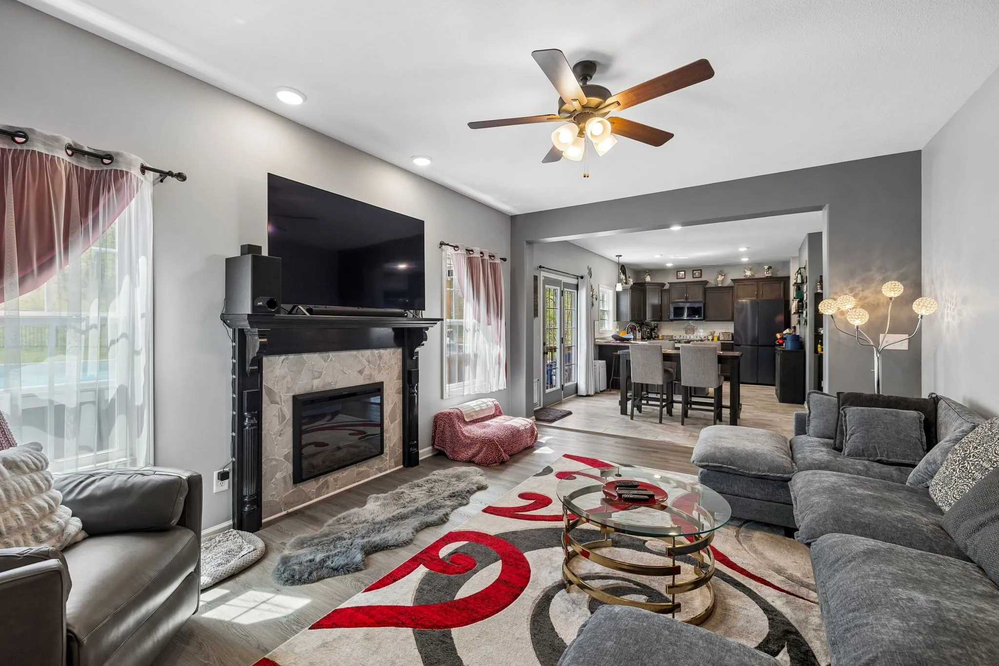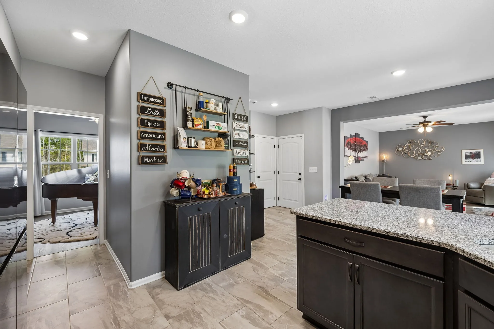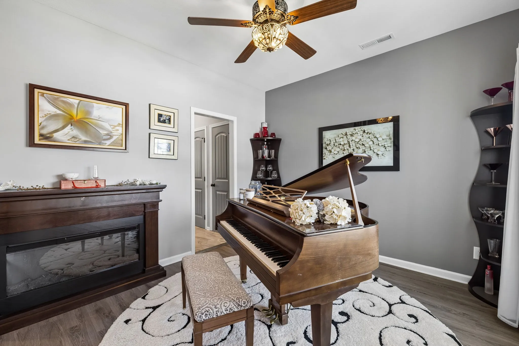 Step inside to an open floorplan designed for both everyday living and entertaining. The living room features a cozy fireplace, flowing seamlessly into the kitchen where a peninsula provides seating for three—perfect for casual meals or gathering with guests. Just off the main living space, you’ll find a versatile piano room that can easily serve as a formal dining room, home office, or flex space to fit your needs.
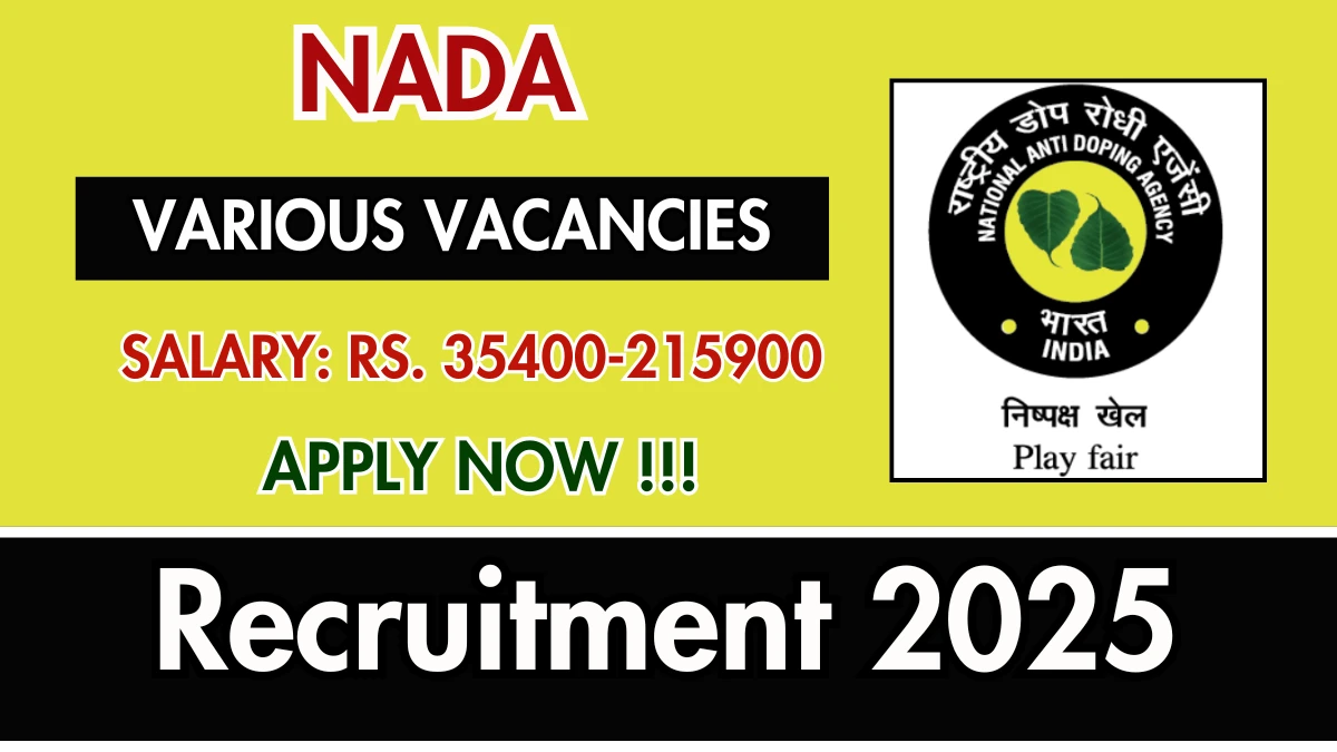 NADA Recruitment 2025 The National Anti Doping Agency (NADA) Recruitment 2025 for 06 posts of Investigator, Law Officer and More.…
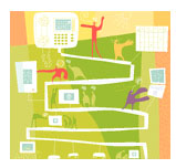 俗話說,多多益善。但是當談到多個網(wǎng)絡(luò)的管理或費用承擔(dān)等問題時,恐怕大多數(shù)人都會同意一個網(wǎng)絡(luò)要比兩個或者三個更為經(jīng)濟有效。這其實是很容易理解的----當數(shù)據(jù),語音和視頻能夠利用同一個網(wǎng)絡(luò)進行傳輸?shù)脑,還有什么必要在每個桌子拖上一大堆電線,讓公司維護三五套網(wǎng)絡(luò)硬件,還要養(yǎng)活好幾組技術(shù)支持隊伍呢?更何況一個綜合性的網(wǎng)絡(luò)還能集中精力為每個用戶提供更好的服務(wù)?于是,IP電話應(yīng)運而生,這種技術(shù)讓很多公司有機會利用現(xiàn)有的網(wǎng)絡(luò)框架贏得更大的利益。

• • • • •

■ **What the task asks**
Write out the lines from the start of the material to the line with "NADA Recruitment 2025", inclusive and exactly. Skip the pictures.

■ **Reply**
 Step inside to an open floorplan designed for both everyday living and entertaining. The living room features a cozy fireplace, flowing seamlessly into the kitchen where a peninsula provides seating for three—perfect for casual meals or gathering with guests. Just off the main living space, you’ll find a versatile piano room that can easily serve as a formal dining room, home office, or flex space to fit your needs.
 NADA Recruitment 2025 The National Anti Doping Agency (NADA) Recruitment 2025 for 06 posts of Investigator, Law Officer and More.…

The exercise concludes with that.